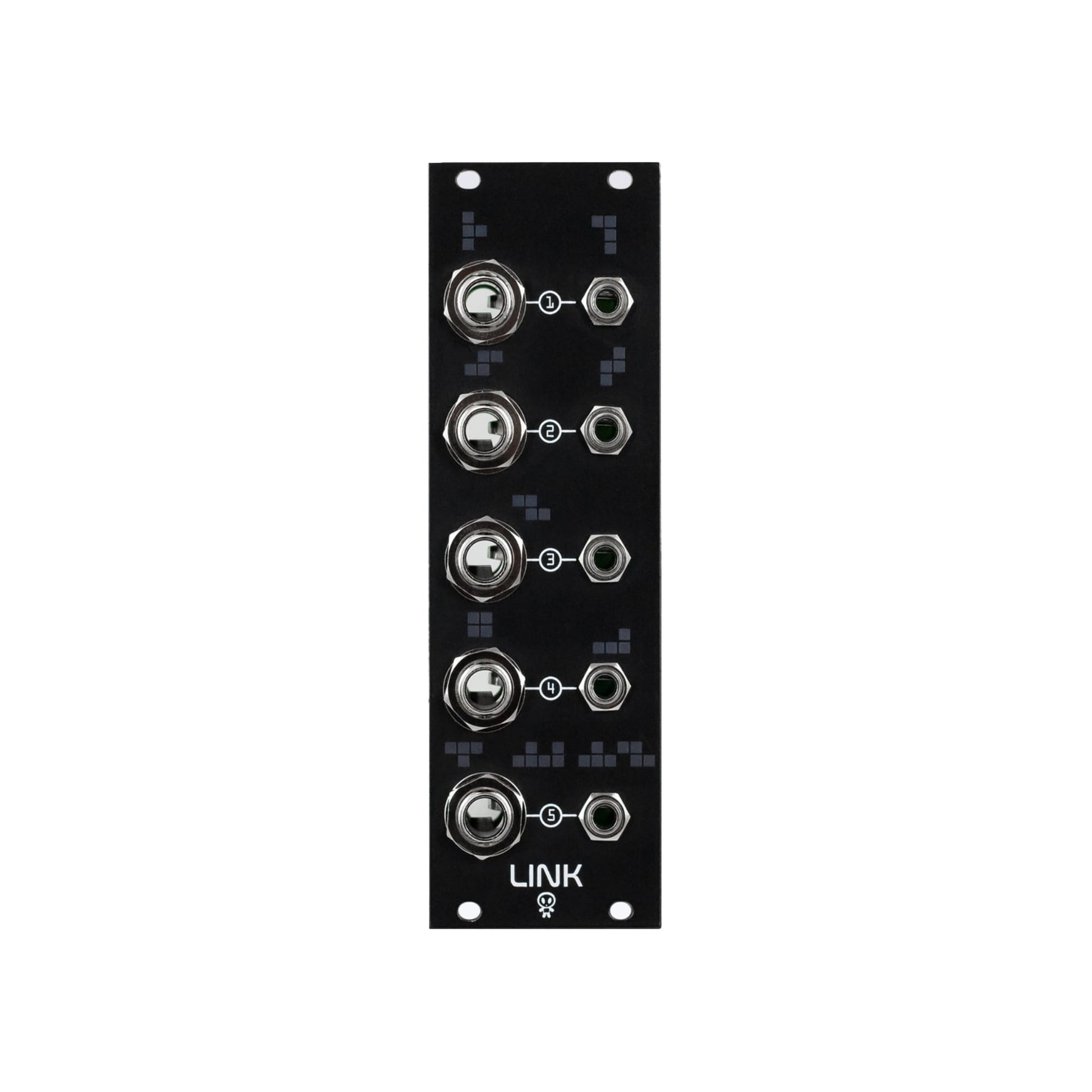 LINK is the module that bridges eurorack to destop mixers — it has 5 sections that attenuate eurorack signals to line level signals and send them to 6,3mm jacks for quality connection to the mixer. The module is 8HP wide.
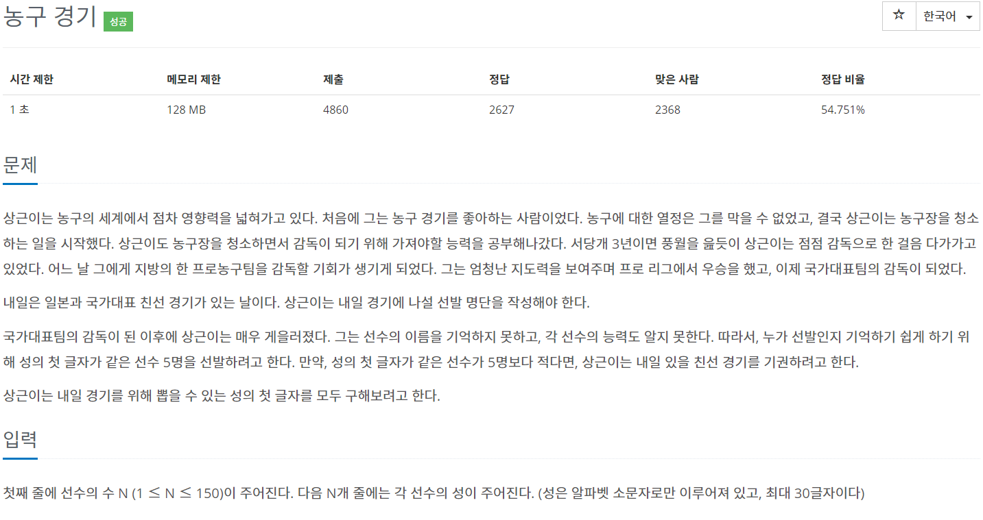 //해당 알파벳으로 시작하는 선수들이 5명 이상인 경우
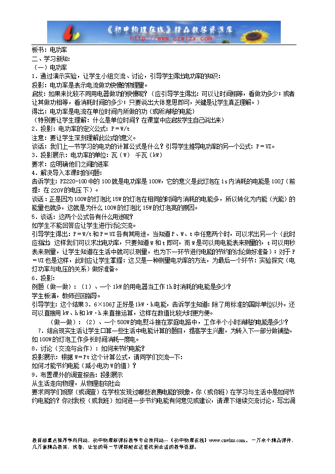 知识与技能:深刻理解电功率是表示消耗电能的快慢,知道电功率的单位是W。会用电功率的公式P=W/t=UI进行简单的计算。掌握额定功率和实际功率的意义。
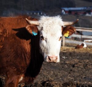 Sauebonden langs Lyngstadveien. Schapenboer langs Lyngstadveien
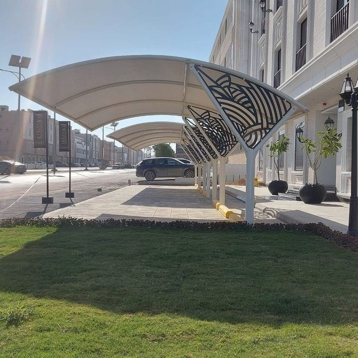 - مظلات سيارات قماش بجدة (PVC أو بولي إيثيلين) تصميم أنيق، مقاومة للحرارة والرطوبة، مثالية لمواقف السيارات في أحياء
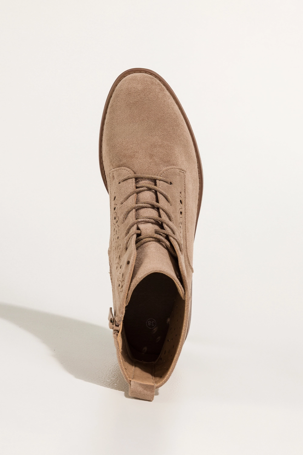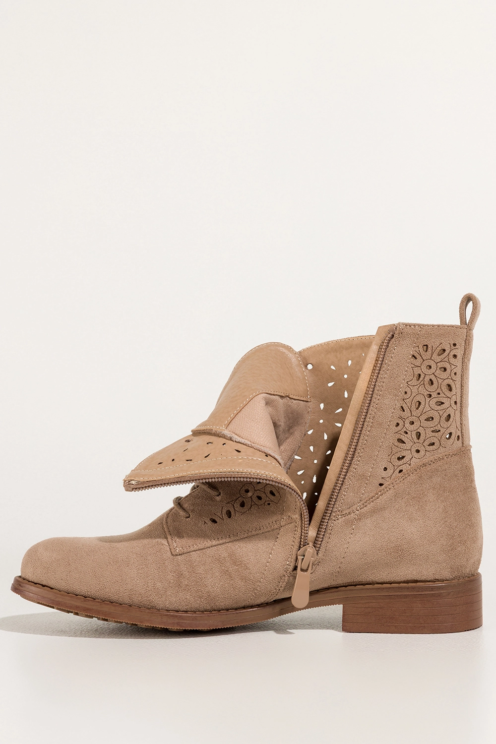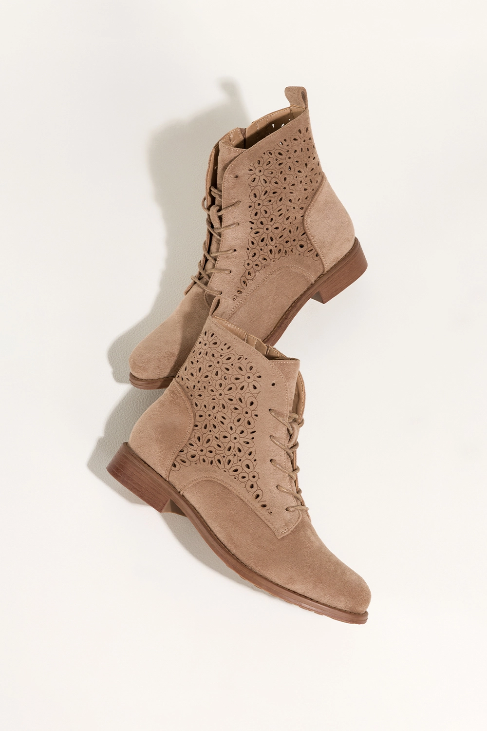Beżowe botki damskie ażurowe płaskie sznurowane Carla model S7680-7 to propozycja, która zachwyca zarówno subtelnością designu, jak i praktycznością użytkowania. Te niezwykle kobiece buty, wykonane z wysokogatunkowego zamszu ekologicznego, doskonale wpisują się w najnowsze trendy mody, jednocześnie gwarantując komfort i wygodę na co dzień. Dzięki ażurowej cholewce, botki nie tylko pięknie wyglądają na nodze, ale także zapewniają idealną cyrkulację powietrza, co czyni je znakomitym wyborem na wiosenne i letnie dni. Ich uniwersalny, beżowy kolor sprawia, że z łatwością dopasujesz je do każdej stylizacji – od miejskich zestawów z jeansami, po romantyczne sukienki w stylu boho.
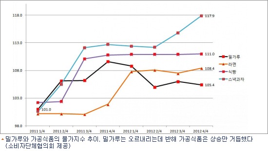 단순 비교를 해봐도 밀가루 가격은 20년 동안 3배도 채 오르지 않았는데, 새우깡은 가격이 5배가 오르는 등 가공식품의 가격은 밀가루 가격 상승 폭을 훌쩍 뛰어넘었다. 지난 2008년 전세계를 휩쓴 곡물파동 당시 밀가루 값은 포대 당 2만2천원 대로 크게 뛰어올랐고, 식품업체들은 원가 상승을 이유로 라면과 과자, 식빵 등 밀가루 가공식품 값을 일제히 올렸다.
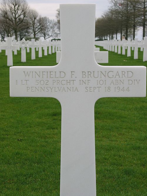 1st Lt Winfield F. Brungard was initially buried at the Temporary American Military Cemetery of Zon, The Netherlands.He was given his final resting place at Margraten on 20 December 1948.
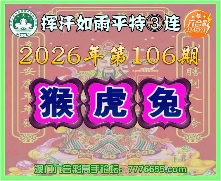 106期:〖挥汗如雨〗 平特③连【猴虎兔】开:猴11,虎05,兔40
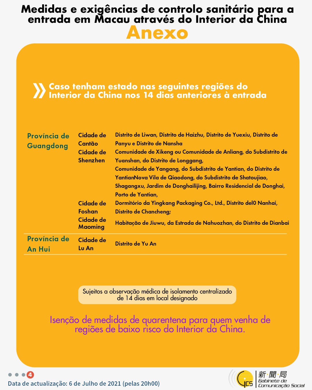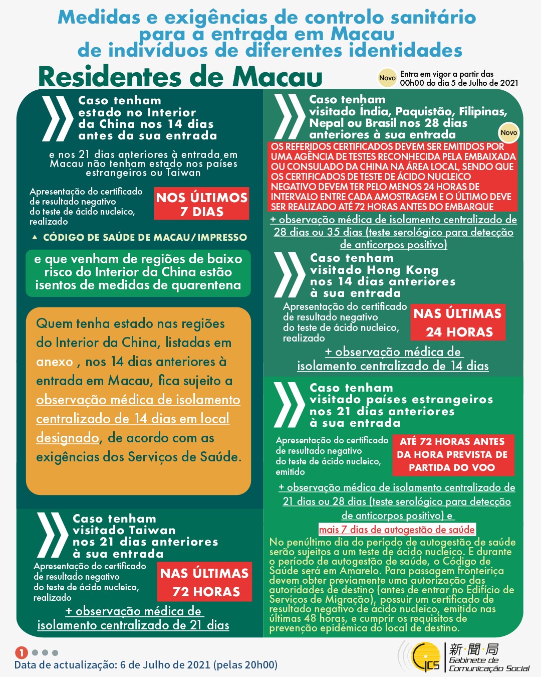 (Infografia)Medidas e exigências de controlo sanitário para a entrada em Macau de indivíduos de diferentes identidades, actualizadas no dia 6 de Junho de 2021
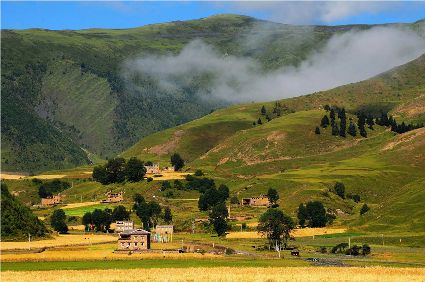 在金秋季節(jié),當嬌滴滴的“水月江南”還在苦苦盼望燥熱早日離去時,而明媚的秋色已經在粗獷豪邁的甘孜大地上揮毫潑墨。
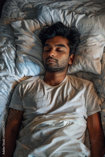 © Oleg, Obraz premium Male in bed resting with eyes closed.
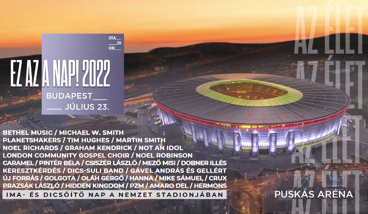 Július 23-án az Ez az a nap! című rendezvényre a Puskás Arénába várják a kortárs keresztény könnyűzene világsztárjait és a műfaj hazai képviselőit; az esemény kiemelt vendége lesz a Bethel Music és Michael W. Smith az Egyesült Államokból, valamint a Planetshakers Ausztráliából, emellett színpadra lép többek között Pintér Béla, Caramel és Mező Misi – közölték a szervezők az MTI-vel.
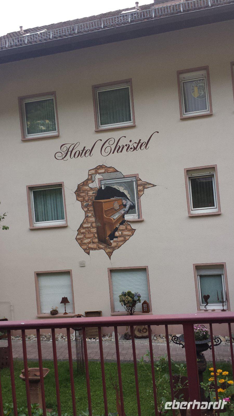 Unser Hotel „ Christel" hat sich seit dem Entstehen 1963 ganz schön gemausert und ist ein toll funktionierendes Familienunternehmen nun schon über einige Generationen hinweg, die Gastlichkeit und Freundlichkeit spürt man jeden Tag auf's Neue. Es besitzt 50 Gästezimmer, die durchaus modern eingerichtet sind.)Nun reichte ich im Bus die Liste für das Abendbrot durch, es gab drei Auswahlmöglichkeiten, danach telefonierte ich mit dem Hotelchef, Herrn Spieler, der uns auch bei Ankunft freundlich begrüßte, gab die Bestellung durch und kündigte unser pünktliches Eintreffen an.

###

◆ Exercise details
Give again the lines of the listing above that run from the one with "선수들이 5명 이상인 경우" up to and including the one with "Július 23-án az". Keep them exact and omit the pictures.

◆ Answer to the exercise
 //해당 알파벳으로 시작하는 선수들이 5명 이상인 경우
 知识与技能:深刻理解电功率是表示消耗电能的快慢,知道电功率的单位是W。会用电功率的公式P=W/t=UI进行简单的计算。掌握额定功率和实际功率的意义。
 Sauebonden langs Lyngstadveien. Schapenboer langs Lyngstadveien
 - مظلات سيارات قماش بجدة (PVC أو بولي إيثيلين) تصميم أنيق، مقاومة للحرارة والرطوبة، مثالية لمواقف السيارات في أحياء
Beżowe botki damskie ażurowe płaskie sznurowane Carla model S7680-7 to propozycja, która zachwyca zarówno subtelnością designu, jak i praktycznością użytkowania. Te niezwykle kobiece buty, wykonane z wysokogatunkowego zamszu ekologicznego, doskonale wpisują się w najnowsze trendy mody, jednocześnie gwarantując komfort i wygodę na co dzień. Dzięki ażurowej cholewce, botki nie tylko pięknie wyglądają na nodze, ale także zapewniają idealną cyrkulację powietrza, co czyni je znakomitym wyborem na wiosenne i letnie dni. Ich uniwersalny, beżowy kolor sprawia, że z łatwością dopasujesz je do każdej stylizacji – od miejskich zestawów z jeansami, po romantyczne sukienki w stylu boho.
 단순 비교를 해봐도 밀가루 가격은 20년 동안 3배도 채 오르지 않았는데, 새우깡은 가격이 5배가 오르는 등 가공식품의 가격은 밀가루 가격 상승 폭을 훌쩍 뛰어넘었다. 지난 2008년 전세계를 휩쓴 곡물파동 당시 밀가루 값은 포대 당 2만2천원 대로 크게 뛰어올랐고, 식품업체들은 원가 상승을 이유로 라면과 과자, 식빵 등 밀가루 가공식품 값을 일제히 올렸다.
 1st Lt Winfield F. Brungard was initially buried at the Temporary American Military Cemetery of Zon, The Netherlands.He was given his final resting place at Margraten on 20 December 1948.
 106期:〖挥汗如雨〗 平特③连【猴虎兔】开:猴11,虎05,兔40
 (Infografia)Medidas e exigências de controlo sanitário para a entrada em Macau de indivíduos de diferentes identidades, actualizadas no dia 6 de Junho de 2021
 在金秋季節(jié),當嬌滴滴的“水月江南”還在苦苦盼望燥熱早日離去時,而明媚的秋色已經在粗獷豪邁的甘孜大地上揮毫潑墨。
 © Oleg, Obraz premium Male in bed resting with eyes closed.
 Július 23-án az Ez az a nap! című rendezvényre a Puskás Arénába várják a kortárs keresztény könnyűzene világsztárjait és a műfaj hazai képviselőit; az esemény kiemelt vendége lesz a Bethel Music és Michael W. Smith az Egyesült Államokból, valamint a Planetshakers Ausztráliából, emellett színpadra lép többek között Pintér Béla, Caramel és Mező Misi – közölték a szervezők az MTI-vel.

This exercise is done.